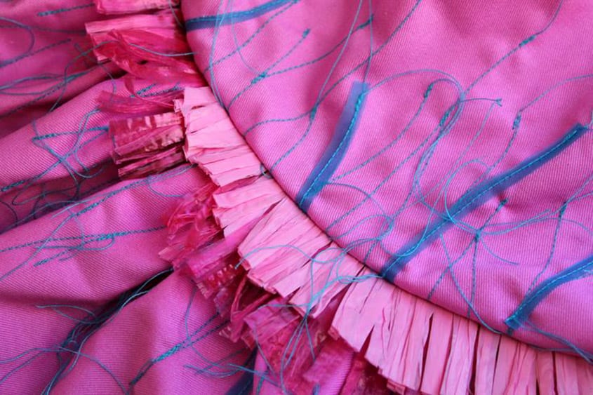 in the bloodstream. It is an investigation into the struggle of the immune system versus the virus, which ultimately takes control of its host. Inspired by veins, the silhouette and patterns mimic the ebb and flow between tension and calm as the virus multiplies and conquers. My aim was to marry the use of texture using raffia and embroidery while maintaining an interesting silhouette.
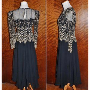 This is a stunning black chiffon vintage dress with gorgeous gold embroidery on the top section and sleeves. Below the top bodice is a black bodice with spaghetti straps and a full black chiffon skirt with an amazing handkerchief hemline. The bottom of the dress is so delicate and feminine looking and the entire dress is striking! This can be worn to a wedding, out to dinner or a movie, a formal affair or even to go dancing and watch the layers of the skirt twirl on the dance floor. The length is 3/4 length.
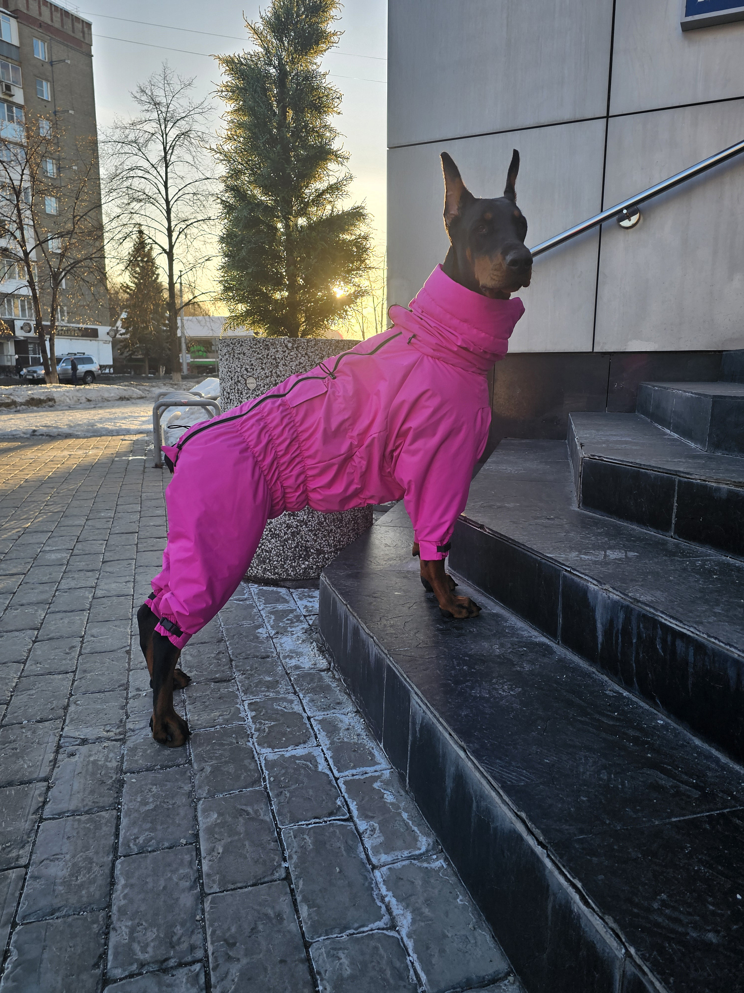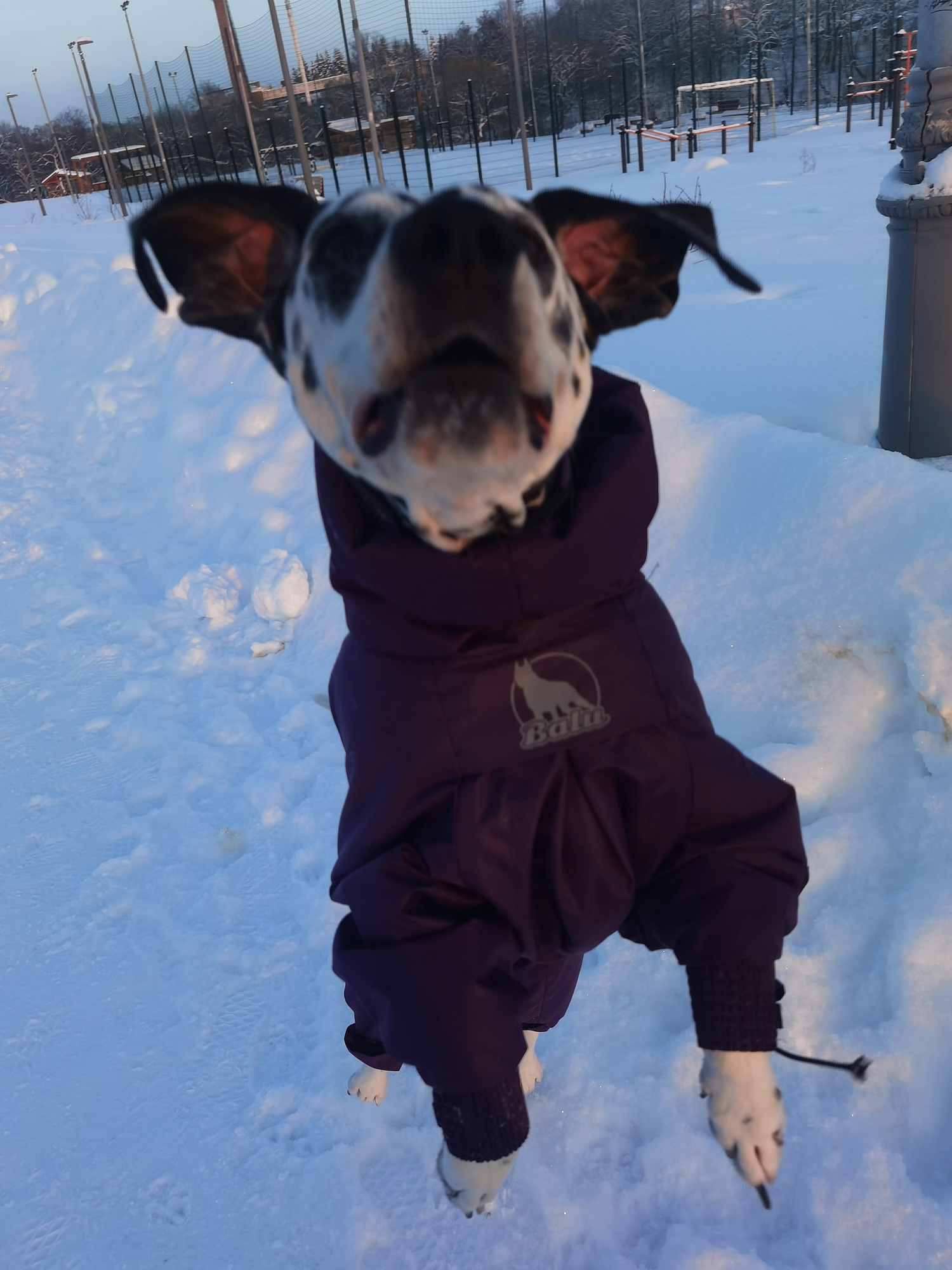Сказать что я довольна, это ничего не сказать! Такого качества и внимания к деталям , я давно не видела! Все продумано до мелочей, очень удобно надевать! Собаке комфортно, движения не сковывает. Ещё момент, о котором хочу написать. Нам комбинезон зимний пришел в тот день, когда на улице было -3. При такой температуре, я бы надела флисовую кофточку, но тут уж так хотелось выгулять обновки, тем более день был такой солнечный. И вот собаке жарко не было, она не пыхтела и , когда дома снимала, тело было тёплое, но не горячее. Цвет фуксия не термоядерный, как я думала, а приятный глазу благородный малиновый. В общем, мы теперь самые довольные и счастливые в мире))) Сразу захотелось весь гардероб сменить на Балу!

_About this exercise:_ Give the data again exactly, image-free.

_Expected answer:_
 in the bloodstream. It is an investigation into the struggle of the immune system versus the virus, which ultimately takes control of its host. Inspired by veins, the silhouette and patterns mimic the ebb and flow between tension and calm as the virus multiplies and conquers. My aim was to marry the use of texture using raffia and embroidery while maintaining an interesting silhouette.
 This is a stunning black chiffon vintage dress with gorgeous gold embroidery on the top section and sleeves. Below the top bodice is a black bodice with spaghetti straps and a full black chiffon skirt with an amazing handkerchief hemline. The bottom of the dress is so delicate and feminine looking and the entire dress is striking! This can be worn to a wedding, out to dinner or a movie, a formal affair or even to go dancing and watch the layers of the skirt twirl on the dance floor. The length is 3/4 length.
Сказать что я довольна, это ничего не сказать! Такого качества и внимания к деталям , я давно не видела! Все продумано до мелочей, очень удобно надевать! Собаке комфортно, движения не сковывает. Ещё момент, о котором хочу написать. Нам комбинезон зимний пришел в тот день, когда на улице было -3. При такой температуре, я бы надела флисовую кофточку, но тут уж так хотелось выгулять обновки, тем более день был такой солнечный. И вот собаке жарко не было, она не пыхтела и , когда дома снимала, тело было тёплое, но не горячее. Цвет фуксия не термоядерный, как я думала, а приятный глазу благородный малиновый. В общем, мы теперь самые довольные и счастливые в мире))) Сразу захотелось весь гардероб сменить на Балу!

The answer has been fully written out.